Introductory Statistics

Sheldon M. Ross
Publisher: 
Academic Press
Publication Date: 
2017
Number of Pages: 
828
Format: 
Hardcover
Edition: 
4
Price: 
125.00
ISBN: 
9780128043172
Category: 
Textbook
[Reviewed by
Peter Rabinovitch
, on
08/4/2017
]

I am a huge fan of Sheldon Ross’s books on probability models and stochastic processes, so I was very interested in reviewing his Introductory Statistics. It is of the “trust me” genre, i.e., there are no proofs and few derivations. No calculus is used, and there are no simulations to attempt to convince the reader of the validity of the methods (i.e. nothing like what is in Introduction to Statistical Thinking (With R, Without Calculus) by Benjamin Yakir (the link takes you to a free pdf of that book).

Introductory Statistics is designed for a first service course for non-science majors and has all the standard topics you would expect and a few extras, but unfortunately it stops short.

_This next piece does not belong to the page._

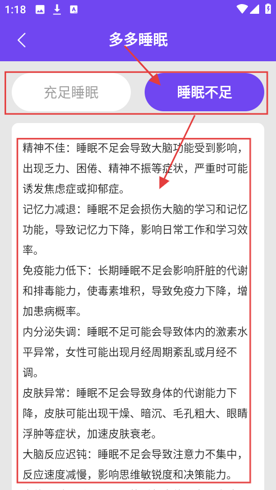 4、选【睡眠不足】,能了解睡眠不足会导致精神不佳、记忆力减退等多种不良影响,重视睡眠健康。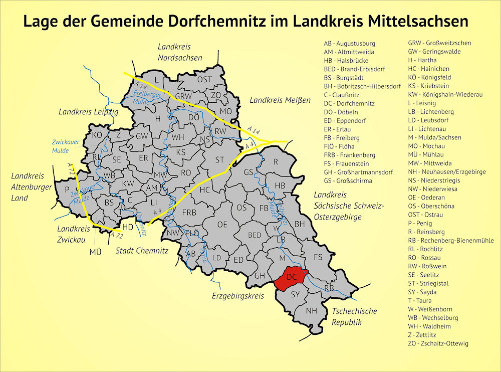 Dorfchemnitz ist eine Gemeinde im Süden des Landkreises Mittelsachsen. Die Gemeinde Dorfchemnitz setzt sich aus den folgenden Ortsteilen zusammen:- Dorfchemnitz,

For example, it very clearly explains what an ANOVA is and how to do it, but unfortunately it stops there. The student will know how to test to see if several means are different, but not know what to do next if in fact they are. I guess tough decisions had to be made in order to keep the book to its already large size of about 800 pages.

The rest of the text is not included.